By using alternate coats of iron nitrate and tannic acid, your stock may appear as black as coal. Or like mine, very dark and green until heated. Then it was still sort of ugly and drab until it saw the first finish. Using your preference of Scotch Brite pads, steel or brass wool, or little pieces of 400 grit sandpaper dipped in finish. You rub it back until you get the desired look. The end grain will hang onto the black longer. Enhancing the curl.

View attachment 343733

View attachment 343734

View attachment 343735View attachment 343730
Would you get the same results or similar by not alternating coats of nitrate and tannic ?
Are the results similar if just coating twice with nitrate - then blush - then tannic ?
I'm trying to understand the process.

And I wonder .. can a stock done with iron nitrate and 2 coats of tried & true - - - be overstrained with tannic ?
 
Would you get the same results or similar by not alternating coats of nitrate and tannic ?
Are the results similar if just coating twice with nitrate - then blush - then tannic ?
I'm trying to understand the process.

And I wonder .. can a stock done with iron nitrate and 2 coats of tried & true - - - be overstrained with tannic ?

The only way to know, is to test it. And each piece of wood may react a bit differently.

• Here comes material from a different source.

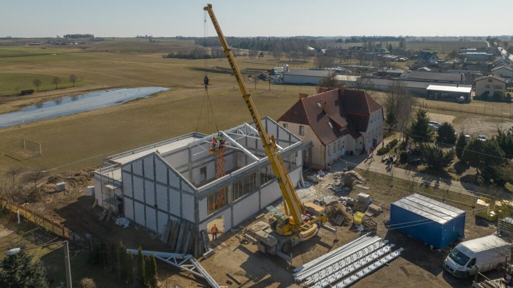 Sala gimnastyczna powstająca w Zalesiu nabiera kształtu. Jak informuje gmina Brusy, rozpoczął się montaż konstrukcji dachowej Prace mają być zakończone jeszcze w tym roku. Jak ocenia burmistrz Brus Witold Ossowski, uroczyste otwarcie odbędzie się na początku roku szkolnego. – Wcześniej wykonano ściany fundamentowe, ściany budynku, strop żelbetowy i ściany kolankowe, co w kolejności umożliwiło przejście […]

Once a finish has been applied, it could be attempted knowing that a complete sanding and do over might be necessary.
 
...so I've been trying to produce the liquid for 3 months now..
Ancient recipe that goes back at least 1,500 years. Called "atramentum" or "shoe black" in the medieval period, more recently known as vinagroon. You can also use ground-up iron sulfate mineral in place of iron, works better and faster than dissolving iron.

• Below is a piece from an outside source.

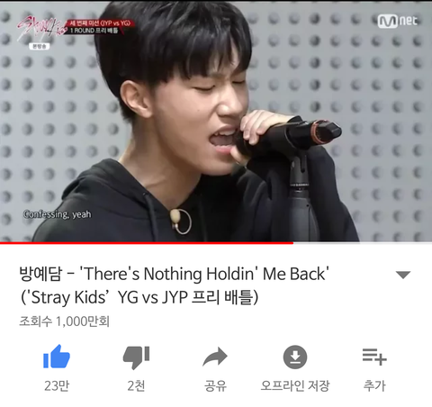 안 본 사람은 있어도 한 번만 본 사람은 없다는 그 전설의 방예담 There's nothing holdin' me back 영상이 어제자 드디어 유튜브 조회수 1000만회를 넘어섰어

Acetic acid + iron = iron acetate + hydrogen gas

Used primarily to turn leather black through the interaction of iron acetate and tannins. When dyeing leather, I add ground-up oak galls for more tannin. I've never used vinagroon on wood.

It should only take a couple of weeks to make vinagroon, even if you used a weak household 5% vinegar. I've made the stuff many times, and I've never had any brew look like THAT!!!